Roberto Rossi edited this page Dec 30, 2016 · 48 revisions

We provide an example-driven short introduction to Stochastic Dynamic Programming in Java.

Key Java 8 features: lambda calculus, streams, and MapReduce

A tutorial on Java lambda calculus can be accessed here.

Tutorials on Java collections, streams, and MapReduce operations can be accessed here.

(work in progress...)

Applications

We discuss two examples of how Stochastic Dynamic Programming can be implemented in Java, the relevant code can be found in package jsdp.app.standalone; please note that these examples do not rely on the jsdp library.

Inventory control

Consider a 3-period inventory control problem. At the beginning of each period the firm should decide how many units of a product should be produced. If production takes place for x units, where x > 0, we incur a production cost c(x). This cost comprises both a fix and a variable component: c(x) = 0, if x = 0; c(x) = 3+2x, otherwise.

Production in each period cannot exceed 4 units. Demand in each period takes two possible values: 1 or 2 units with equal probability (0.5). Demand is observed in each period only after production has occurred. After meeting current period's demand holding cost of $1 per unit is incurred for any item that is carried over from one period to the next. Because of limited capacity the inventory at the end of each period cannot exceed 3 units.

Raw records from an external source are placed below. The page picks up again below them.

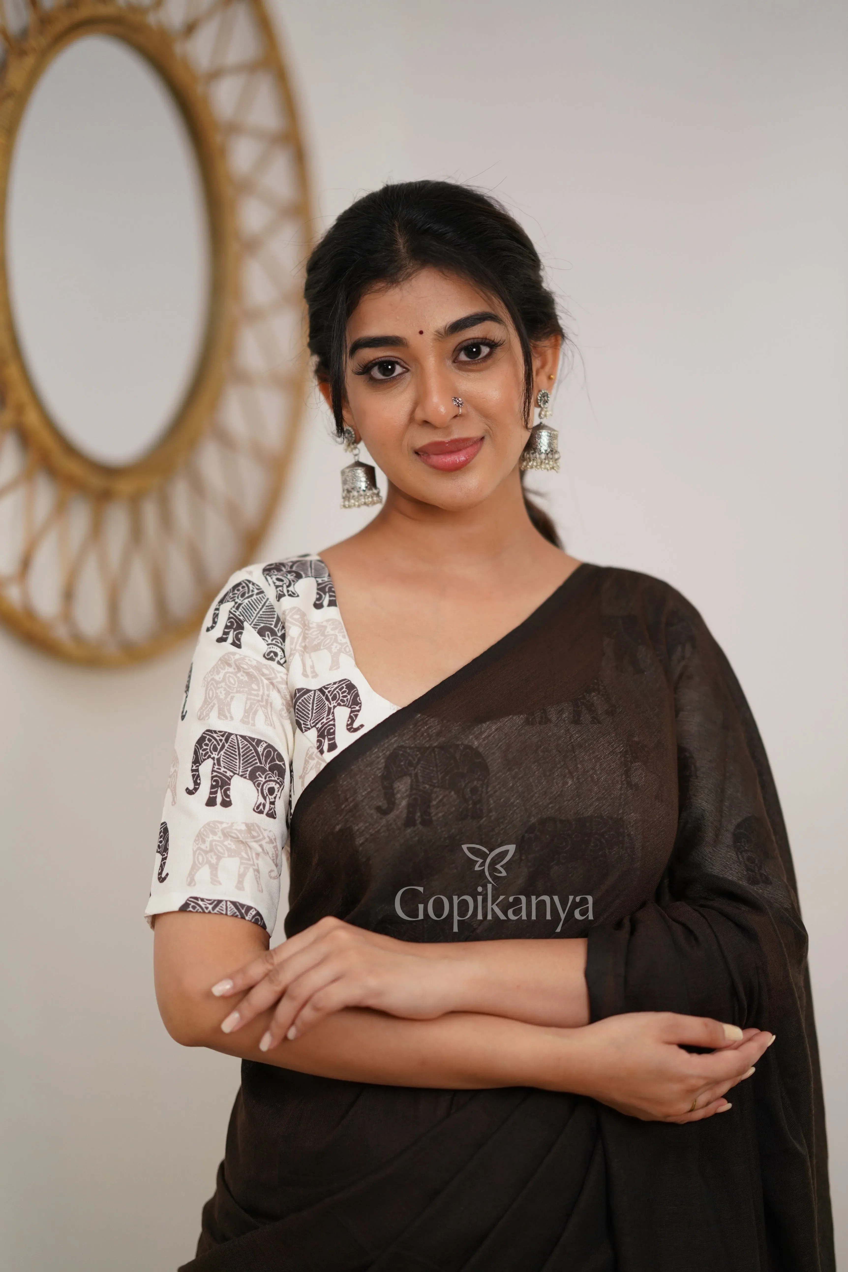 Brown Handloom Cotton Saree With Elephant Printed Blouse
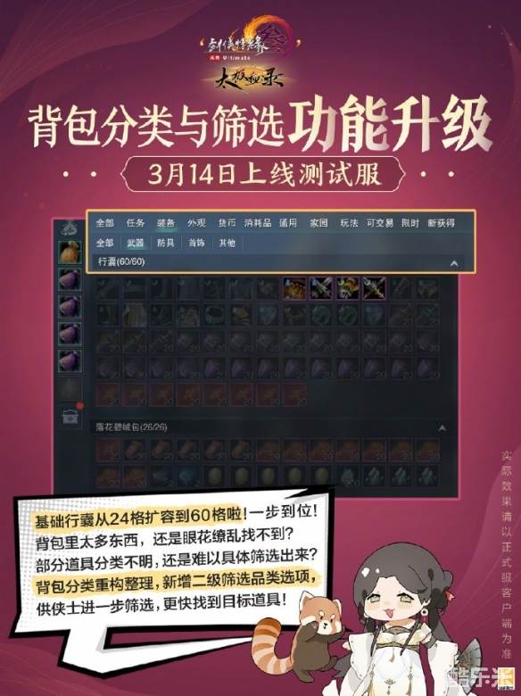 背包从24格变为60格,并且对分类功能重构,新增二级筛选品类。
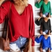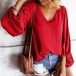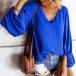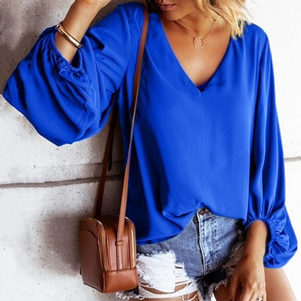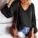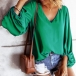 Fashion Solid Color Lantern Sleeve V-neck Loose Top
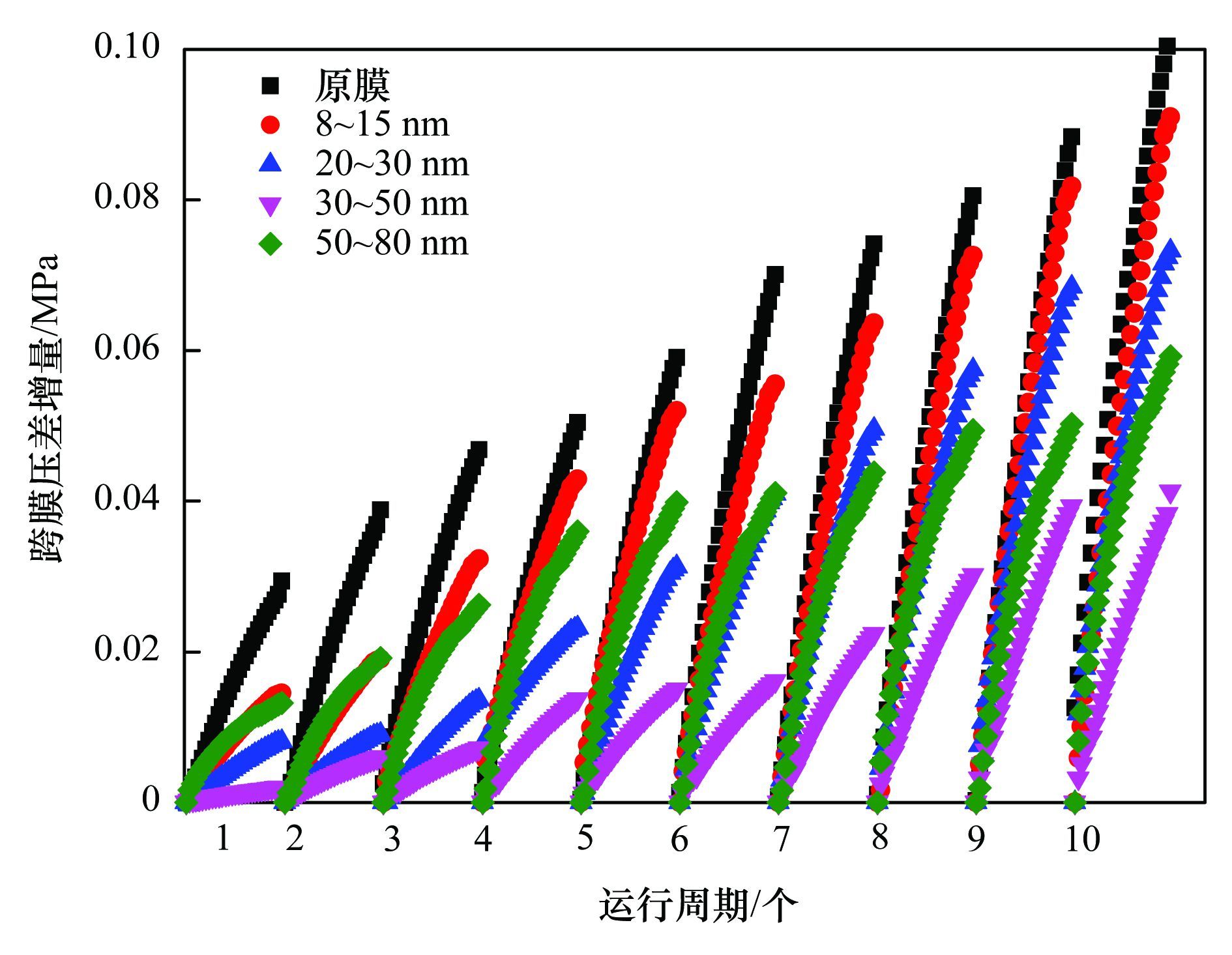 CNTs尺寸對改性膜的抗污染性能的影響如圖 4所示. CNTs的乙醇分散液濃度為50%,超聲時間25 min,負載量3g·m-2,CNTs的尺寸分別為8~15、 20~30、 30~50以及50~80 nm. 研究結果表明,不同尺寸CNTs制備的改性膜的抗污染能力均強于未改性膜. 對于改性膜而言,過濾初期(前2個周期)各改性膜TMP均增長緩慢,各改性膜TMP增量均小于0.02 MPa. 隨著過濾的進行,各改性膜TMP增量逐漸增加且增長趨勢明顯,但CNTs尺寸與TMP增量間并未表現出明顯規律. 運行至第10周期,過濾5 L水樣后,各改性膜組件間TMP增幅已表現出明顯差異,其中,利用30~50 nm制備的改性膜TMP增幅最小,為0.043 MPa; 利用8~15 nm制備的改性膜TMP增幅最大,為0.09 MPa; 利用20~30 nm和50~80 nm制備的改性膜TMP增幅分別為0.072 MPa和0.059 MPa.

All demand should be met on time (no backorders). If at the end of the planning horizon (i.e. period 3) the firm still has units in stock, these can be salvaged at $2 per unit. The initial inventory is 1 unit.

(work in progress...)

Gambler's ruin

This problem is taken from W. L. Winston, Operations Research: Applications and Algorithms (7th Edition), Duxbury Press, 2003, chap. 19, example 3.

A gambler has initialWealth. She is allowed to play a game of chance over a given betHorizon, and her goal is to maximize her probability of ending up with a least targetWealth.

If the gambler bets $b on a play of the game, then with probability p, she wins the game and increases her capital position by $b; with probability (1-p), she loses the game and decreases her capital by $b.

On any play of the game, the gambler may not bet more money than she has available.

Determine a betting strategy that will maximize the gambler's probability of attaining a wealth of at least $targetWealth by the end of the betting horizon.

(work in progress...)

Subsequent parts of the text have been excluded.